TikTok is one step closer to disappearing in the US after a panel of federal judges on Friday upheld a new law that could lead to the banning of the popular Chinese-owned video app by mid-January.
The three judges, in the U.S. Court of Appeals for the District of Columbia Circuit, denied TikTok’s petition to overturn the law. The decision could be a death blow for the app in one of its biggest markets. More than 170 million Americans use TikTok to entertain and inform themselves, turning it into a cultural phenomenon.
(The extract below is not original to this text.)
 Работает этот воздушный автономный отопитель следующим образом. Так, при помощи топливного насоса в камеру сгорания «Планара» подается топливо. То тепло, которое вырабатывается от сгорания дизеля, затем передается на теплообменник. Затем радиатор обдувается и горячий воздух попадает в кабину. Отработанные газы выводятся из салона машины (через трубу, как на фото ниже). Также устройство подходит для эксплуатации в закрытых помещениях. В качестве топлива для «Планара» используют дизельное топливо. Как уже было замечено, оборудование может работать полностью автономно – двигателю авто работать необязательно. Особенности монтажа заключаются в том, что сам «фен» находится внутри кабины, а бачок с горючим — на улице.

The looming loss of the app in the US had spurred concern from free speech advocates.
The decision also raises new questions for President-elect Donald Trump, who has repeatedly signalled his support for the app, but who doesn’t have a clear path for rescuing it under the new law.
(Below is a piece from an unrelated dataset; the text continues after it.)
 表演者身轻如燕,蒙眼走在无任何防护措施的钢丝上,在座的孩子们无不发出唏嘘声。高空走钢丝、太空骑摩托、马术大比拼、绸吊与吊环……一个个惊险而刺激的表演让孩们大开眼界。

The law, signed in April, requires TikTok’s Chinese owner, ByteDance, to sell the app to a non-Chinese company by January 19 or face a ban in the US. TikTok, which has been in the cross hairs of politicians since 2020 because of its ties to China, has said a sale is impossible, in part because it would be blocked by the Chinese government. The company argued that the law unfairly singled out TikTok and that a ban would infringe on the First Amendment rights of American users.
The judges disagreed with TikTok’s argument. They said the law was “carefully crafted to deal with only control by a foreign adversary”, and didn’t run afoul of the First Amendment.